Beginning with the line that contains "- 【Multipurpose Tool", retype the entries below exactly, ending with the line that contains "op de foto.". Leave out any pictures.

*** Opening Extracted data ***

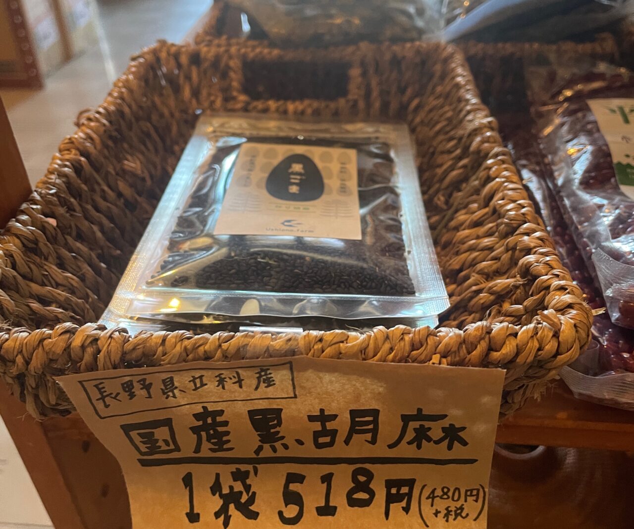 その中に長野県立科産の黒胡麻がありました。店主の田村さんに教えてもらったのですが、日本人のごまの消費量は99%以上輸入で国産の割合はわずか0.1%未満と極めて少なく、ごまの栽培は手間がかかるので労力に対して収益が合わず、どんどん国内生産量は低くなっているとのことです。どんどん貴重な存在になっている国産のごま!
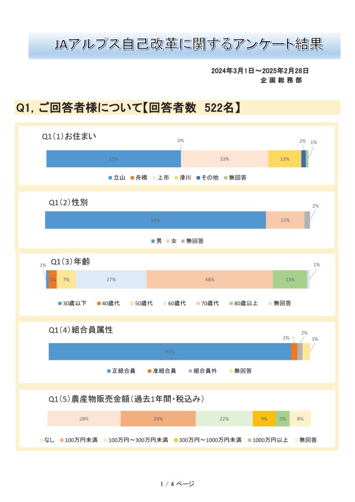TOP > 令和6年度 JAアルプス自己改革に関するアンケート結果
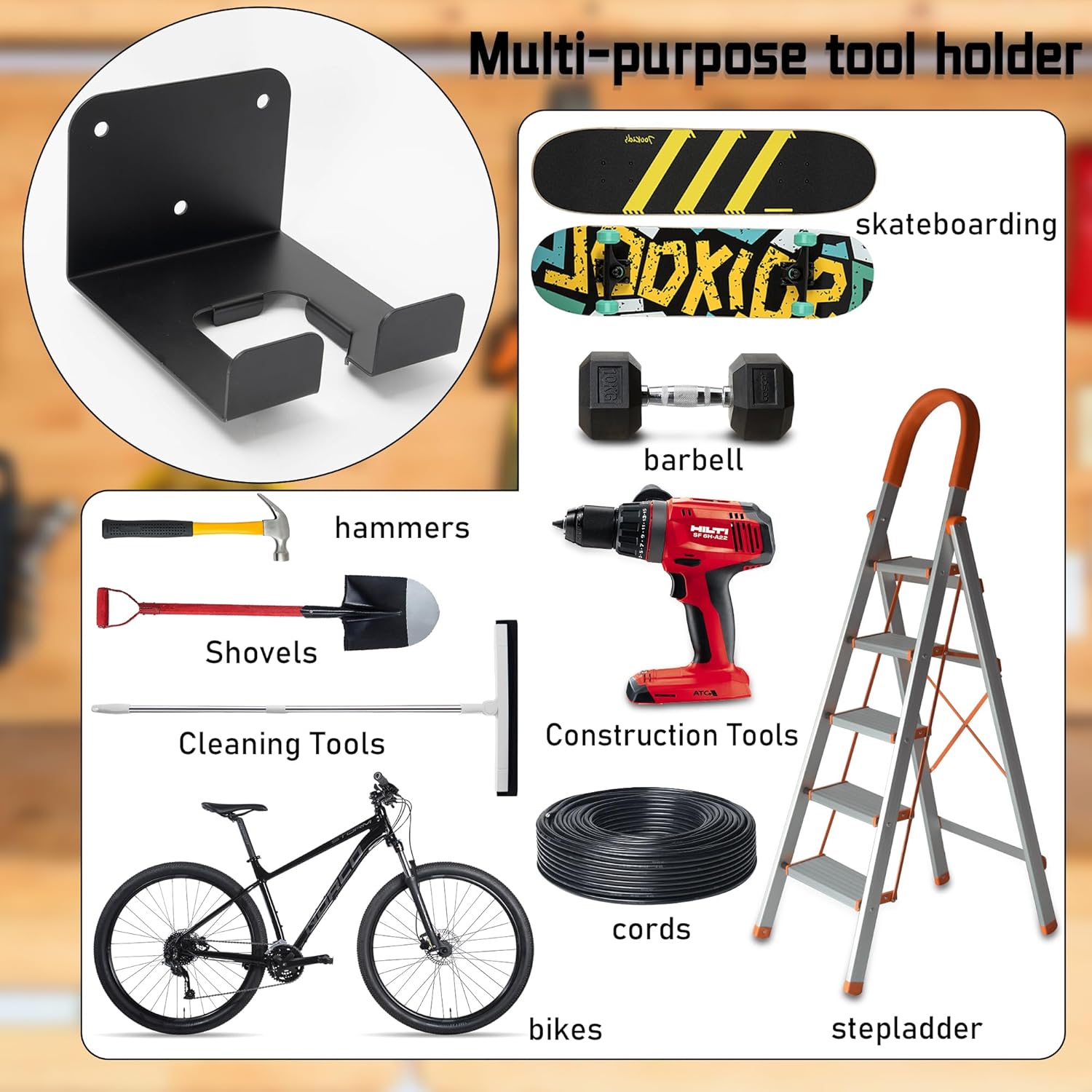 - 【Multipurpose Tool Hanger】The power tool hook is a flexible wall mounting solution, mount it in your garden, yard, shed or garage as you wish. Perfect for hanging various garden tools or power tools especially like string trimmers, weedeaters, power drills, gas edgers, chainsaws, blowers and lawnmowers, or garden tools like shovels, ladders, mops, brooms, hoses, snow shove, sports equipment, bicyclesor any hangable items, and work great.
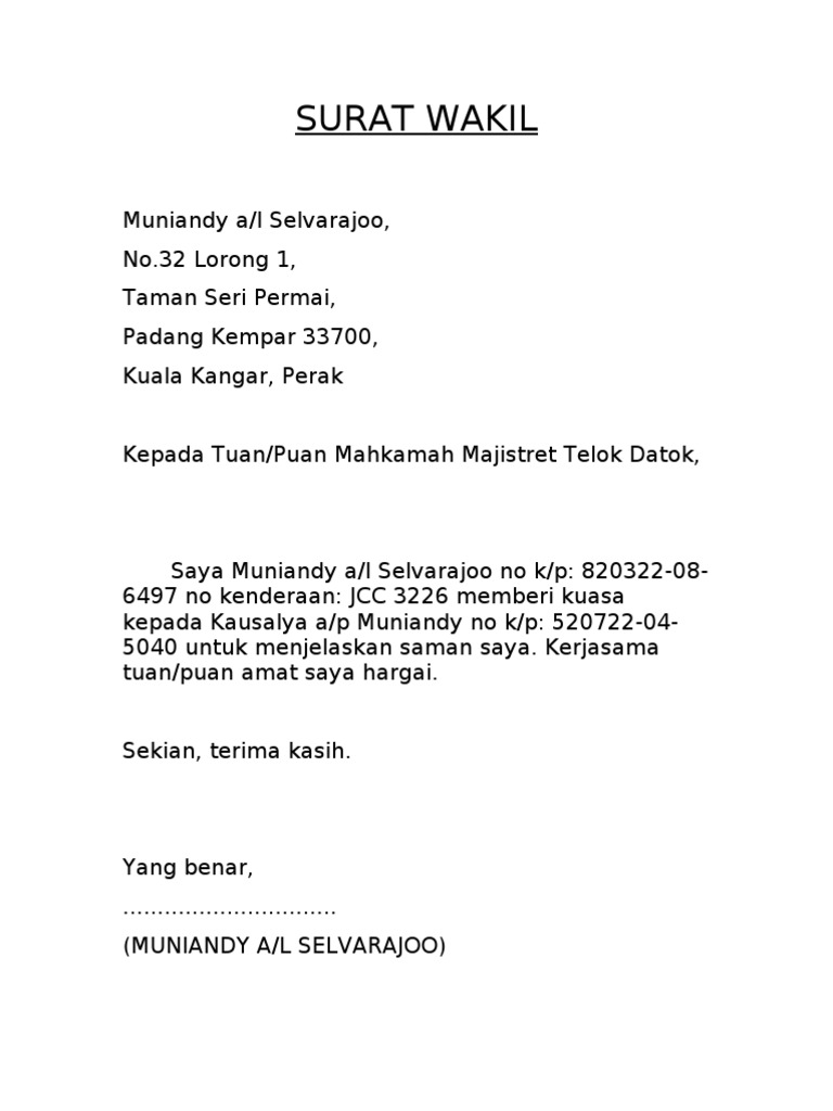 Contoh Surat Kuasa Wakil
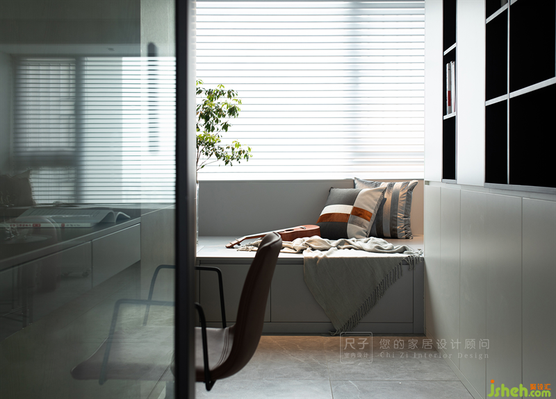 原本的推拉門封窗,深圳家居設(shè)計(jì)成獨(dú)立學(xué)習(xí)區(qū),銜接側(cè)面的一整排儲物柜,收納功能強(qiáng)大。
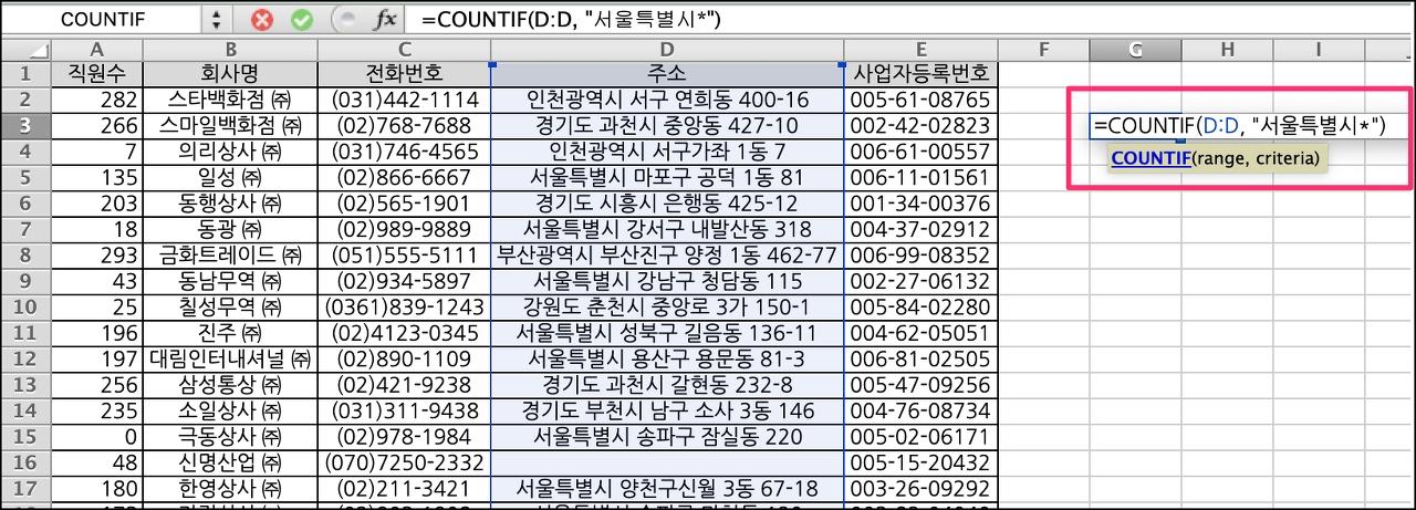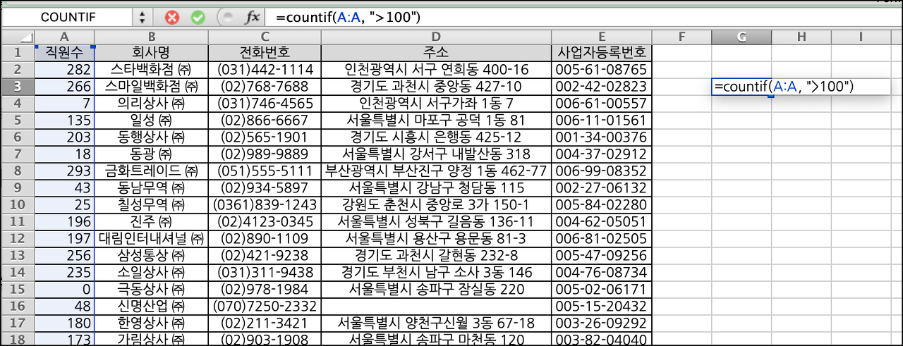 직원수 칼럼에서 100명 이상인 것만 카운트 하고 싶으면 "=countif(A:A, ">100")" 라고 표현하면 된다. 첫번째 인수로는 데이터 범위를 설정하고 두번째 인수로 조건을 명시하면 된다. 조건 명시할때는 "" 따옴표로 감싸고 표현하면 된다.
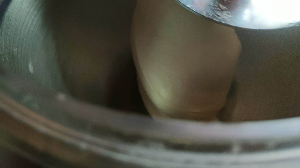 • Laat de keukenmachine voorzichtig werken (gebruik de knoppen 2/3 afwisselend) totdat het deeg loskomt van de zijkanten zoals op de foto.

*** Closing Extracted data ***
*** Opening Extracted data ***

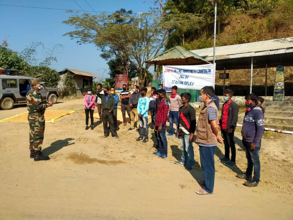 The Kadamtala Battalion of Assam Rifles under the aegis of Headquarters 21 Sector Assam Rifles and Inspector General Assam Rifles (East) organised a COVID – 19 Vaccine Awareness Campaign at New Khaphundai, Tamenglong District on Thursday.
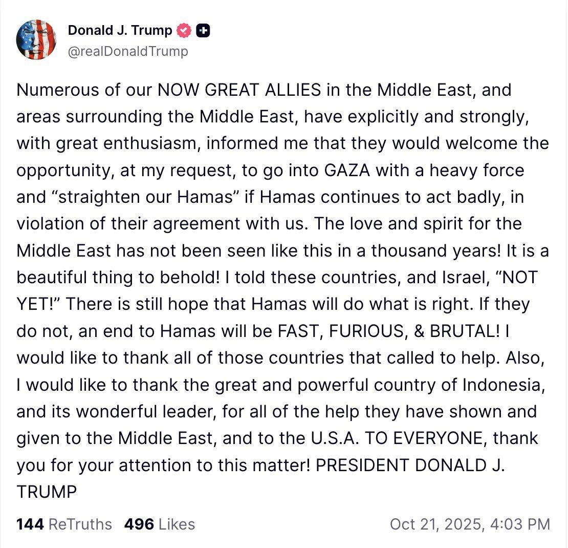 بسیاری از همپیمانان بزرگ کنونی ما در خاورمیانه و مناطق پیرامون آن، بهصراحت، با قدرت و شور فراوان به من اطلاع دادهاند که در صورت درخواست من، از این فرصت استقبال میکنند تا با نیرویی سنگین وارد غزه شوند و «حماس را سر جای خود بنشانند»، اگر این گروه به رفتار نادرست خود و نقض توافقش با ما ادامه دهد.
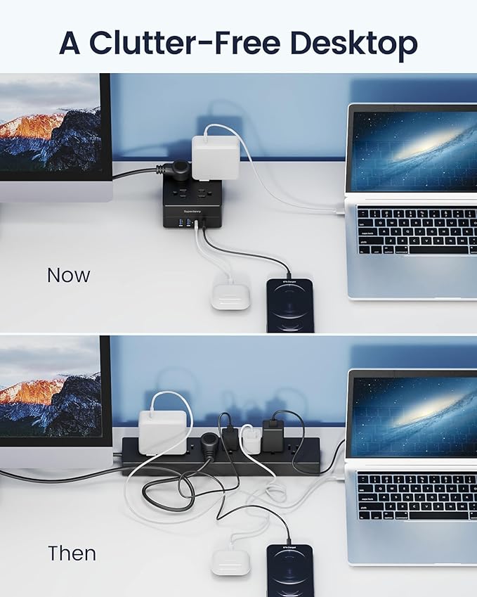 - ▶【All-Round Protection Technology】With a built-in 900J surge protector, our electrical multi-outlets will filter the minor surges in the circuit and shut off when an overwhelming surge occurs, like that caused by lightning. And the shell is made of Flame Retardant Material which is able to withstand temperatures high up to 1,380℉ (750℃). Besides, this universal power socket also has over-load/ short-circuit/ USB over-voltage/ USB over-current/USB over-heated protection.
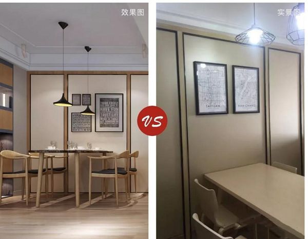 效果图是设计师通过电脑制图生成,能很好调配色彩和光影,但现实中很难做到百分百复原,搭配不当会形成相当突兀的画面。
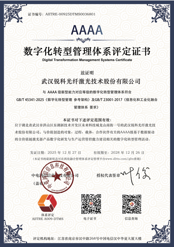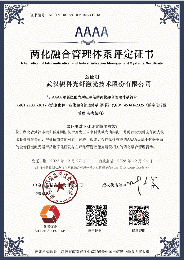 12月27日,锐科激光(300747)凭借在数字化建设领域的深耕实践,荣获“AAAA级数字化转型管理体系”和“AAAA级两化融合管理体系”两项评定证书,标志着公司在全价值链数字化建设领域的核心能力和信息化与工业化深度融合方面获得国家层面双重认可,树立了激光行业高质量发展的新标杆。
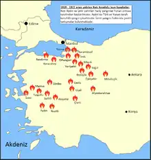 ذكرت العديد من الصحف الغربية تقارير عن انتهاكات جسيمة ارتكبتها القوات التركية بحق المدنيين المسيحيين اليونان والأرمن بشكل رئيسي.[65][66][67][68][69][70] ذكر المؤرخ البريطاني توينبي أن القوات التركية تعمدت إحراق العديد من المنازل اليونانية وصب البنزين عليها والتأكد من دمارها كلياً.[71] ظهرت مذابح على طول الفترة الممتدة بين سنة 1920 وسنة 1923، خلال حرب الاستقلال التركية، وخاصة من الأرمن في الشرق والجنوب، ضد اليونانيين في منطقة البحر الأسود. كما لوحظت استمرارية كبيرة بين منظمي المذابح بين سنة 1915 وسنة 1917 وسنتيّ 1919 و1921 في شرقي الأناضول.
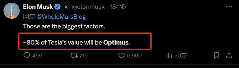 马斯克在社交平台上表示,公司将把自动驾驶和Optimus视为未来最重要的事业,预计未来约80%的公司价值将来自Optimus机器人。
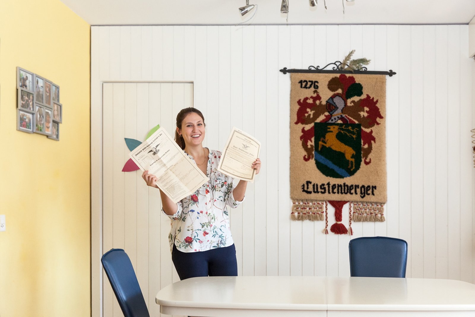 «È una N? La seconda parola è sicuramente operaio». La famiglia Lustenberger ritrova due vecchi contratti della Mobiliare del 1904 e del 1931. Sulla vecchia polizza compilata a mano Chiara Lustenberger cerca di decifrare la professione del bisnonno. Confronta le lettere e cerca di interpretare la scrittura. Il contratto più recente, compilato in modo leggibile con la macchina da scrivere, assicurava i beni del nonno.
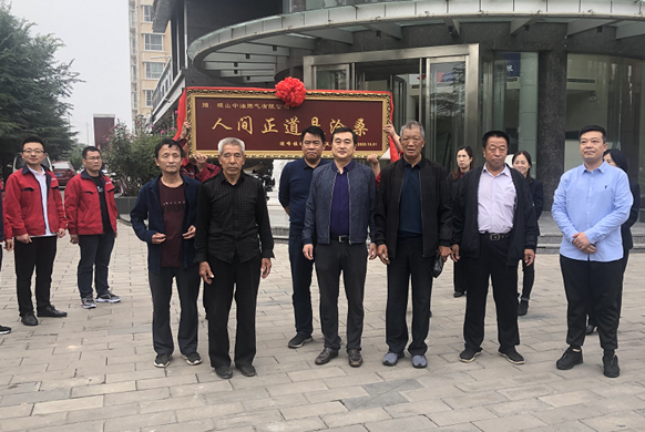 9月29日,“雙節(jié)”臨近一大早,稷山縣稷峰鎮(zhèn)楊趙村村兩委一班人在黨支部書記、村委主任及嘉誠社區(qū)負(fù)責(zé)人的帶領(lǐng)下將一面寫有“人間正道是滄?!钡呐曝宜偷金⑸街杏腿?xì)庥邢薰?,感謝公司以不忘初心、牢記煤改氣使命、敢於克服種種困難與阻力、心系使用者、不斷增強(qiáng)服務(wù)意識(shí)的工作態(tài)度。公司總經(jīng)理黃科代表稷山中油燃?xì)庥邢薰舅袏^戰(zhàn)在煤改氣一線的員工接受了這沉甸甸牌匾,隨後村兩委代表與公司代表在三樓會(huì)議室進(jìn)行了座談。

*** Closing Extracted data ***

▶ _Solution to this problem_:
 - 【Multipurpose Tool Hanger】The power tool hook is a flexible wall mounting solution, mount it in your garden, yard, shed or garage as you wish. Perfect for hanging various garden tools or power tools especially like string trimmers, weedeaters, power drills, gas edgers, chainsaws, blowers and lawnmowers, or garden tools like shovels, ladders, mops, brooms, hoses, snow shove, sports equipment, bicyclesor any hangable items, and work great.
 Contoh Surat Kuasa Wakil
 原本的推拉門封窗,深圳家居設(shè)計(jì)成獨(dú)立學(xué)習(xí)區(qū),銜接側(cè)面的一整排儲物柜,收納功能強(qiáng)大。
 직원수 칼럼에서 100명 이상인 것만 카운트 하고 싶으면 "=countif(A:A, ">100")" 라고 표현하면 된다. 첫번째 인수로는 데이터 범위를 설정하고 두번째 인수로 조건을 명시하면 된다. 조건 명시할때는 "" 따옴표로 감싸고 표현하면 된다.
 • Laat de keukenmachine voorzichtig werken (gebruik de knoppen 2/3 afwisselend) totdat het deeg loskomt van de zijkanten zoals op de foto.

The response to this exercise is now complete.